Studies related to dihydro-1,4-thiazines. Part VII. Reaction of methyl (4S,6S)-5,5,9,9-tetramethyl-7-oxo-8-oxa-4-thia-1-azabicyclo-[4.3.0]non-2-ene-3-carboxylate 4-oxide with acetyl chloride

Abstract

The title compound (1) is converted into methyl (6RS)-6-hydroxy-5,5,9,9-tetramethyl-7-oxo-8-oxa-4-thia-1-azabicyclo[4.3.0]non-2-ene-3-carboxylate (4) by acetyl chloride under nitrogen. In the presence of oxygen it is transformed by the reagent into the racemic 6-hydroxy-analogue (2) which reacts further to give methyl 2-chloro-2-[1-methyl-1-(2,2-dimethyl-5-oxo-Δ³-oxazolin-4-yl)ethylthio]-3-oxopropionate (14).

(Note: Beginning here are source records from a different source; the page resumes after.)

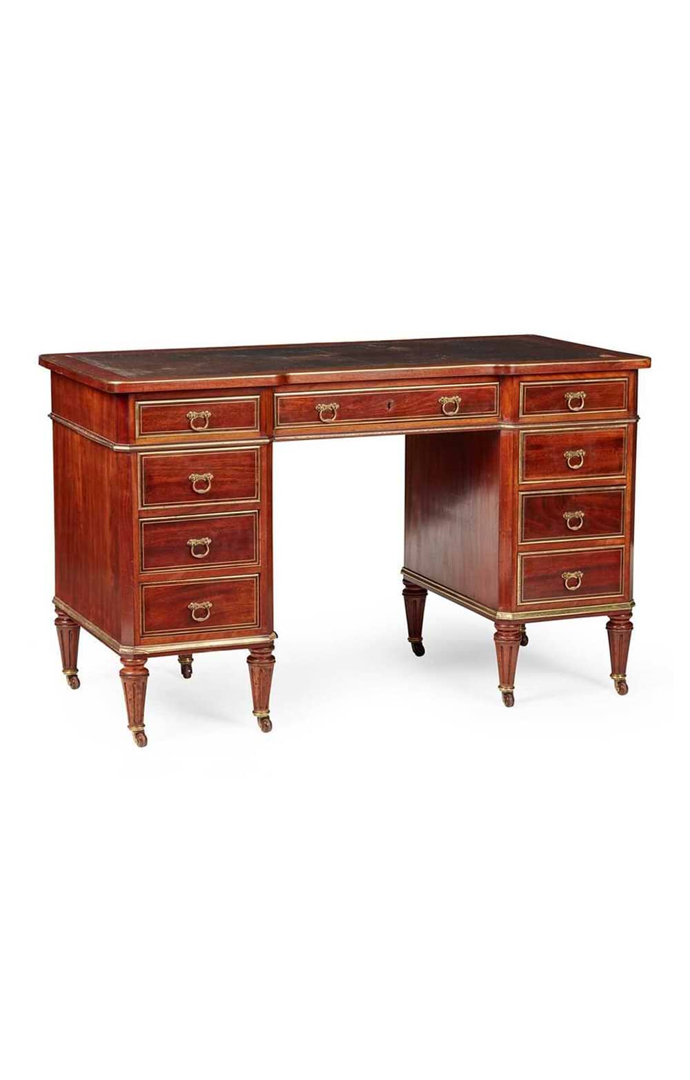 Pair Of Directoire Style Brass-Banded Mahogany Pedestal Desks, Edwards & Roberts Late, 19th Century
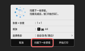 显示 [扫描下一份原稿。扫描完成后,按[开始打印]。] 时,将下一个护照放置在稿台玻璃上,然后按下 [扫描下一份原稿]。
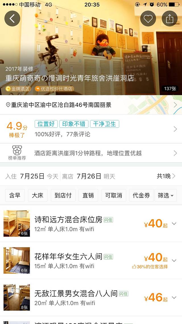 重庆的三个晚上都在蒙奇奇,青旅的地理位置超级好,下了楼就是洪崖洞,走出阳台就是千厮门大桥,360度无死角的江景房,对面就是苍泷火锅店,走十分钟就到达解放碑,阿姨很勤劳,把房子收拾得干干净净。最最重要的,叔叔阿姨超级好,第一天吃火锅胃不舒服,亲自下厨做饺子给我们吃,第二天早上还邀请我们一起喝绿豆粥养胃,临别前,执意要送我们到电梯口……强烈推荐大家去他们家。
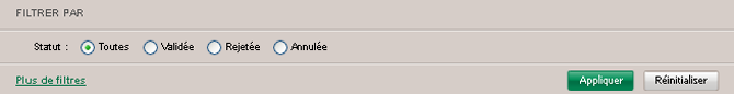 Les opérations peuvent être filtrées très rapidement selon leurs statuts en sélectionnant le bouton radio du statut souhaité : « Annulée, Rejetée, A Contrôler, Contrôlée, Annulation à confirmer » puis en cliquant sur le bouton Appliquer. Les statuts affichés dépendent des options souscrites.
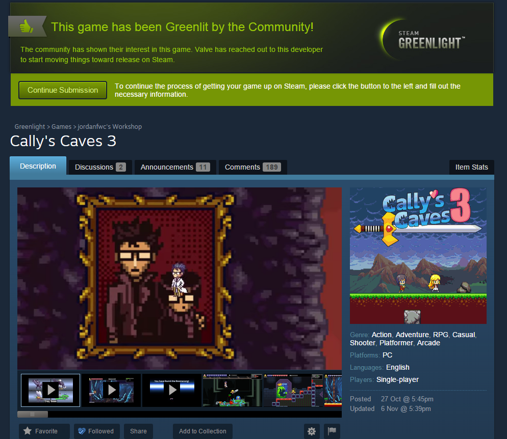 After ten days on Greenlight, with over 3000 yes votes, Cally’s Caves 3 has been Greenlit on Steam!!! We want to say a huge thank you to everyone that voted and helped us spread the word. We are hard at work on the Steam version, but we will post a development diary about our Greenlight experiences here soon!
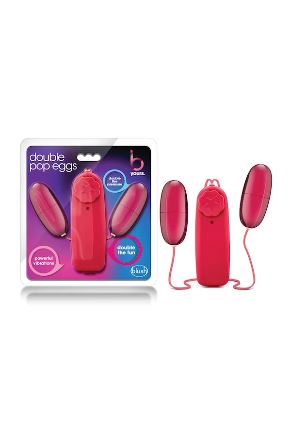 2 Smooth plastic vibrating eggs attached by thin cord to adjustable speed controller.
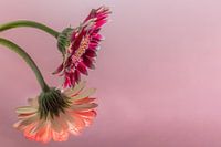 Bloemen droom 2. Twee Gerbera`s in een zachte droge pastel achtige sfeer weergegeven. Kunstlicht zorgt diepte en ruimtelijkheid.
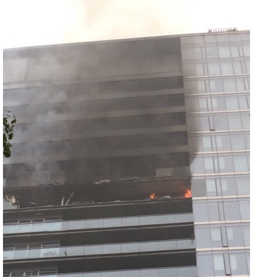 據(jù)初步了解,發(fā)生火災(zāi)的是藍(lán)色錢江2號樓18樓,火勢是從上午5點(diǎn)多起來的。17樓的一位住戶說,起火的房間里面應(yīng)該有2個(gè)大人3個(gè)小孩,一個(gè)保姆。
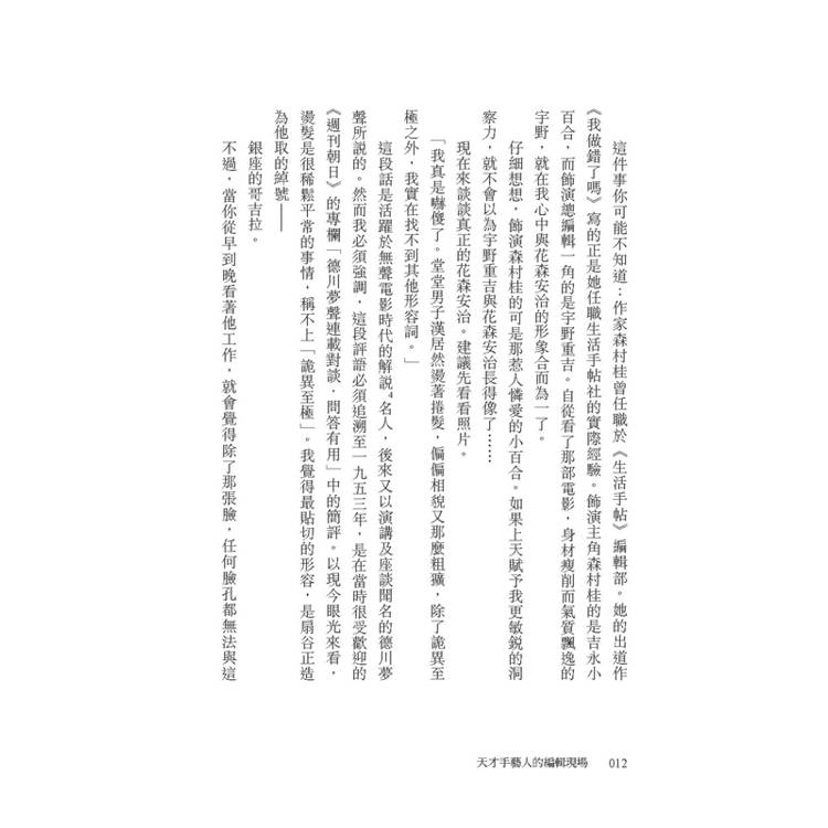他全才全能,寫稿、拍照、繪製插圖、設計版面……統率雜誌編輯的每個細節,甚至雜誌社的每日餐食,他都親自把關,拒絕任何妥協。他不只關心生活中的食衣住行,也是推理小說和落語的專家,還被同行譽為被編輯耽誤的漫才大師。只要他拿起紅筆,整間編輯室就陷入愁雲慘霧,深怕辛苦寫的稿子被改得只剩標點符號。但他改過的稿子淺顯而生動,連大文豪森茉莉都大呼佩服。
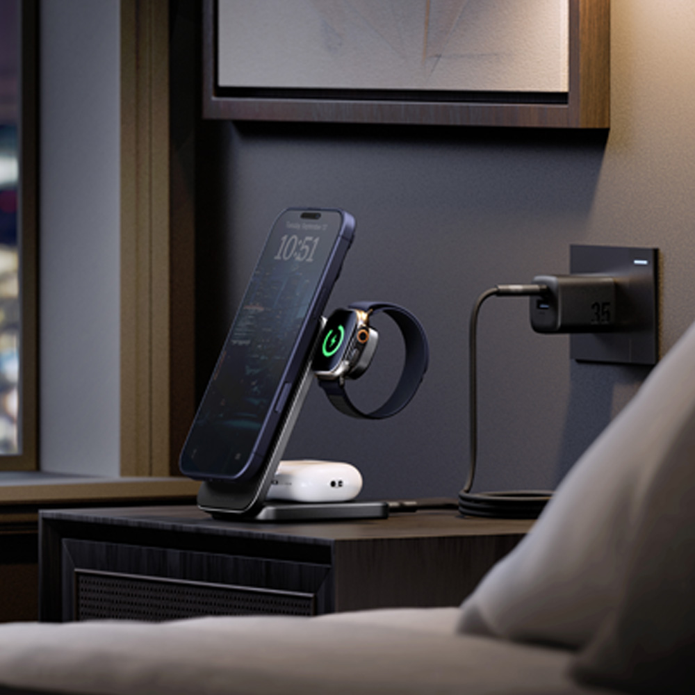 Stația suportă încărcarea simultană a trei dispozitive - un smartphone compatibil MagSafe, un Apple Watch (sau alte ceasuri compatibile Qi) și căști TWS cu carcase de încărcare wireless. Cu livrare de putere Qi2 de 25 W, obțineți încărcare wireless rapidă și stabilă, combinată cu curățenie și estetică - fără cabluri încurcate, doar o bază de încărcare pentru tot.
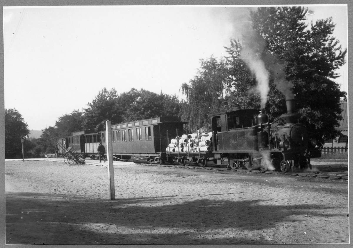Norra Hälsinglands Järnväg, NHJ lok 3 med vagnar vid Hudiksvall station.
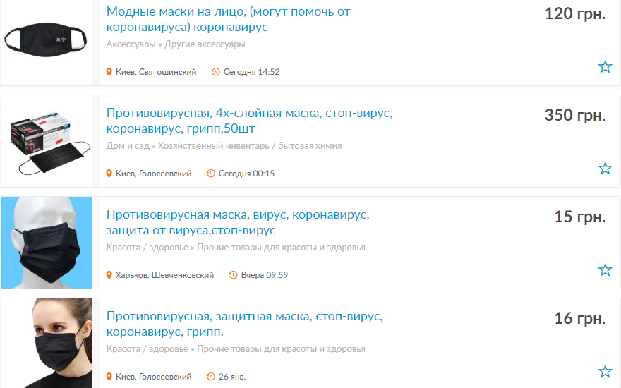 Также на сайте периодически появляются и удаляются объявления о масках, которые якобы могут защитить от "коронавируса". Модные изделия готовы продать от 15 до 350 гривен. По всей видимости, аферисты еще не придумали товар, на который "клюнут" доверчивые украинцы.
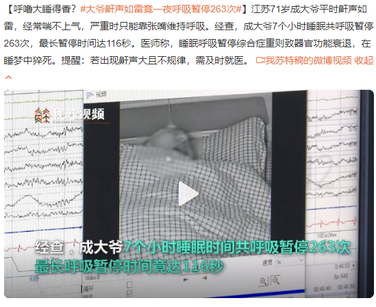 實(shí)際上,打呼?!偎煤?!最近上熱搜的一位大爺,就是這種情況。
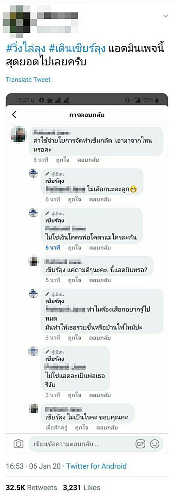 นอกจากนี้ เพจ เชียร์ลุง ยังโพสต์อีกว่า ช่วงนี้มีพวกเกรียนและอิจฉาเยอะ เข้ามาทำภาพดิสเครดิตกิจกรรม #เดินเชียร์ลุง ส่วนผู้เข้าร่วมกิจกรรมนั้น ทางสำนักข่าวระบุว่ามีมาร่วม 13,000 คน ล่าสุดเจ้าหน้าที่ระบุว่ามีคนมาเข้าร่วมมากถึง 24,000 คน
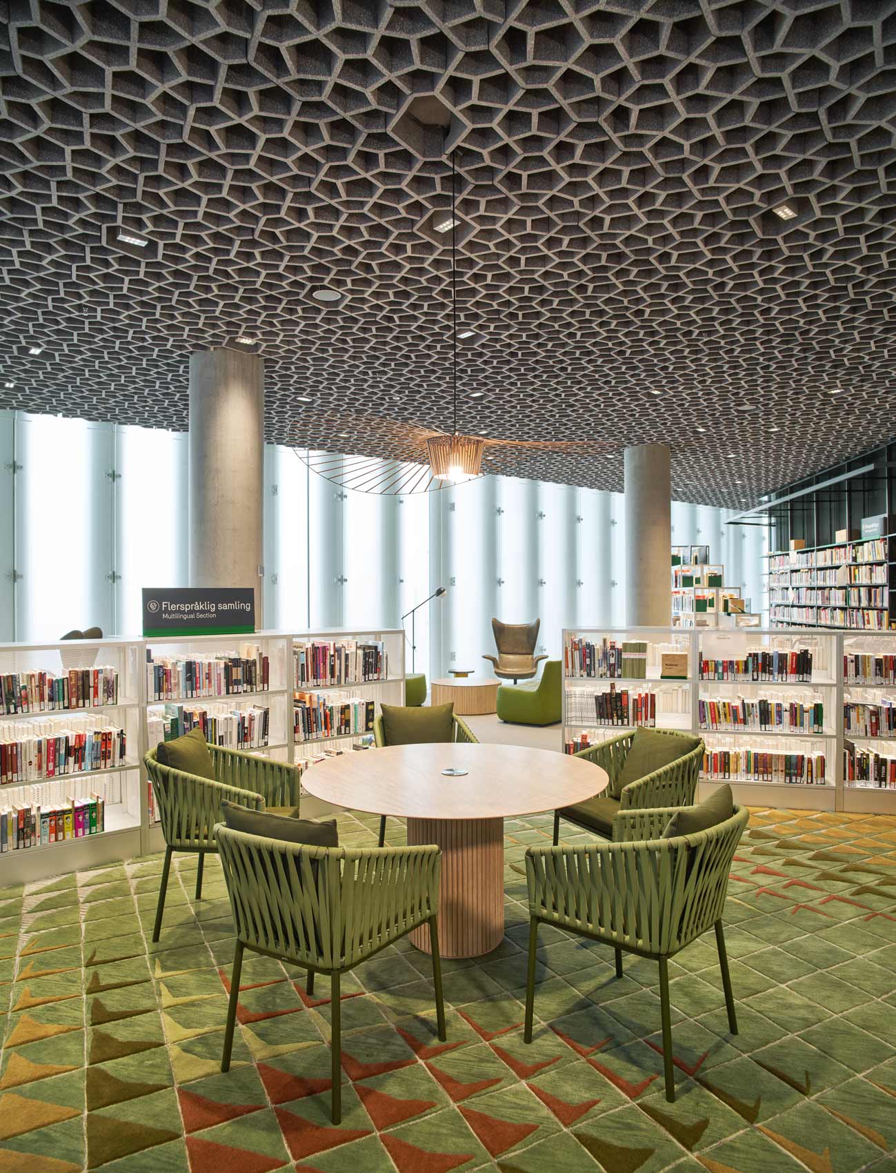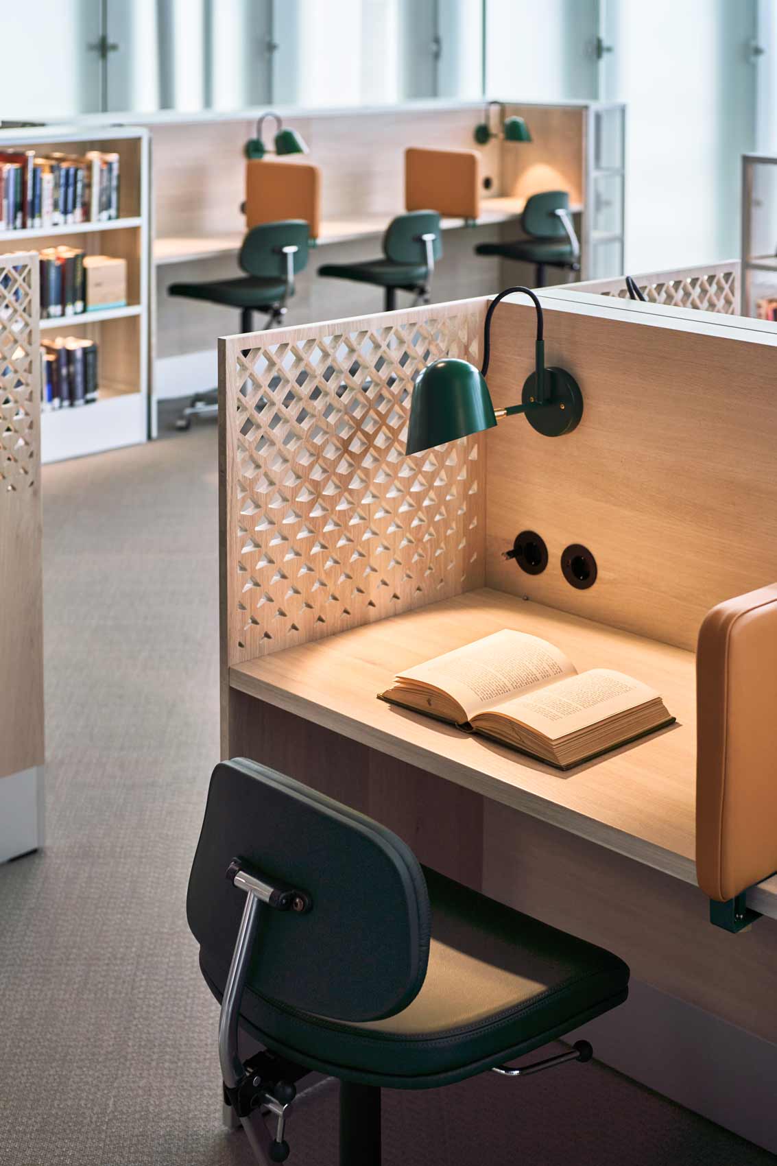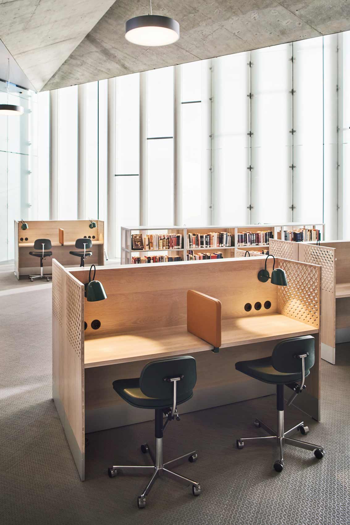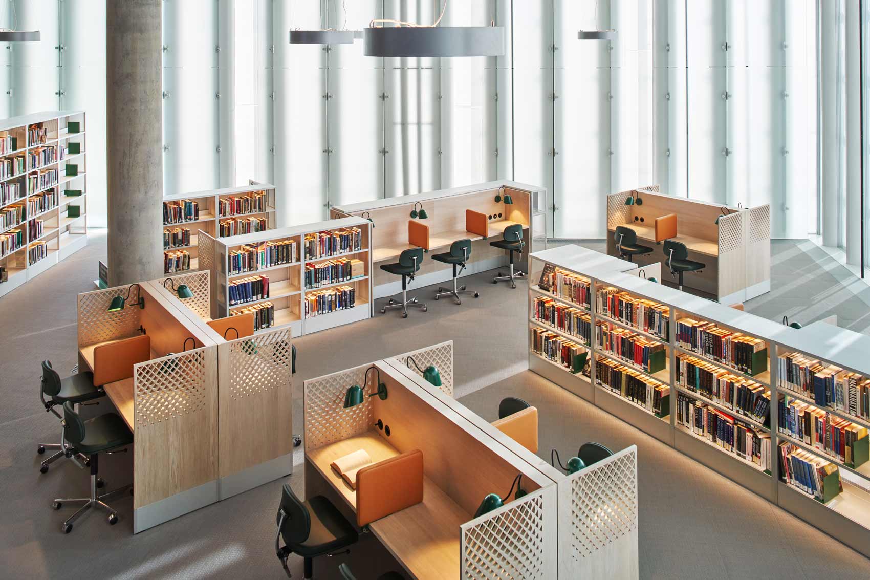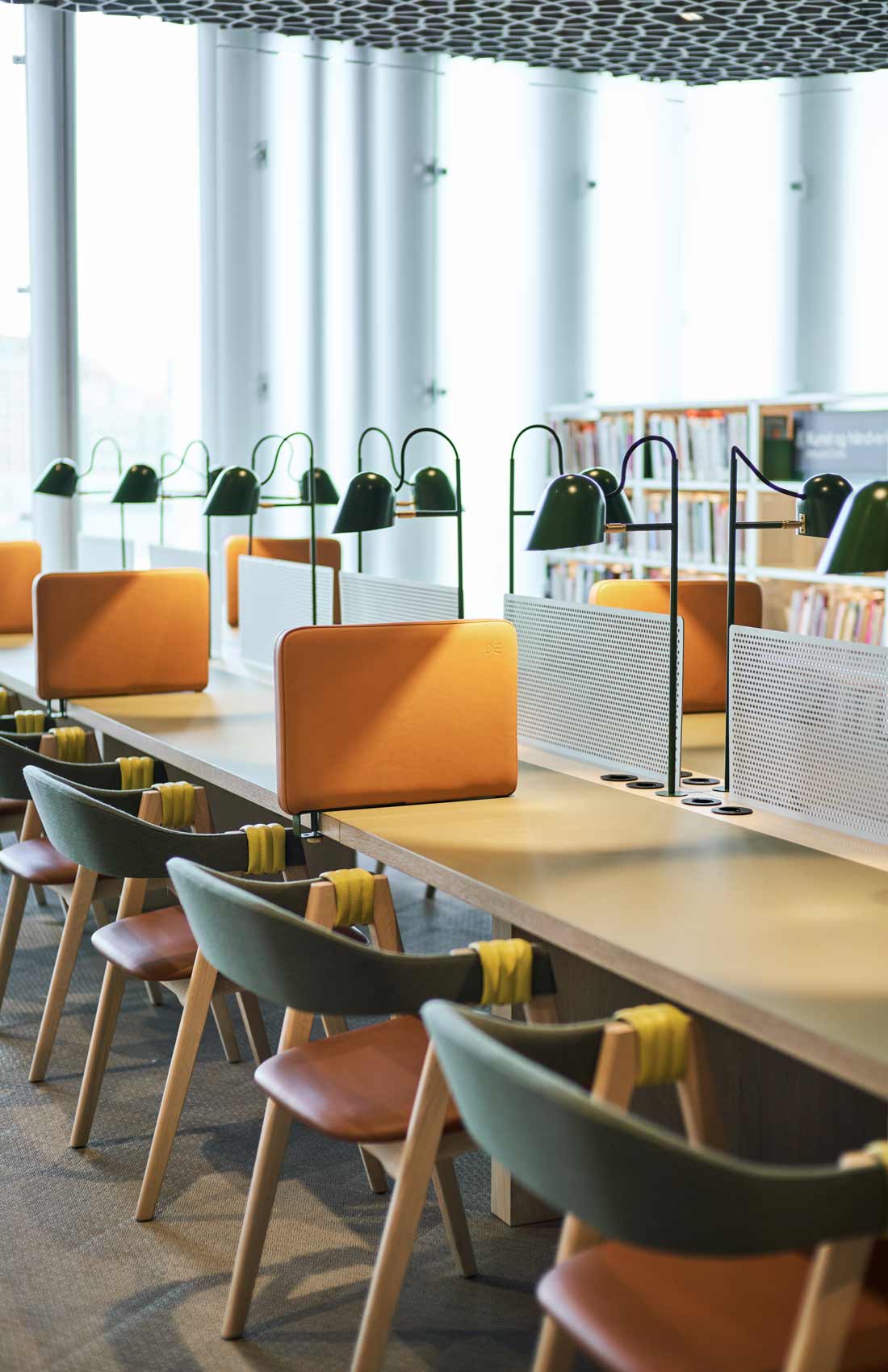 Senab Eikeland er stolt leverandør av møbler til alle bibliotekets områder, som inkluderer lesesaler, kursrom, møterom, stillerom og ulike sitteplasser, samt administrasjonens arbeidsplasser for 100 ansatte.
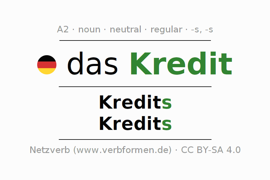 - Singular: das Kredit, des Kredits, dem Kredit, das Kredit

Treatment of the oxopropionate (14) with triphenylphosphine followed by diazomethane yields methyl 3-methoxy-2-[1-methyl-1-(2,2-dimethyl-5-oxo-Δ³-oxazolin-4-yl)ethylthio]acrylate (17). Compound (14) undergoes a silica gel- or triethylamine-induced deformylation to give methyl α-chloro-α-[1-methyl-1-(2,2-dimethyl-5-oxo-Δ³-oxazolin-4-yl)ethylthio]acetate (8). The chlorine atom of compound (8) is replaced by an acetoxy-group with silver(I) perchlorate in acetic acid, by a methoxy-group with either silver(I) perchlorate or sodium methoxide in methanol, and by a hydrogen atom with zinc in acetic acid to give derivatives (9)–(11), respectively. Pyrolysis of the sulphoxide (15), obtained by oxidation of the acetate (11) with m-chloroperbenzoic acid, affords 4-isopropenyl-2,2-dimethyl-Δ³-oxazolin-5-one (16).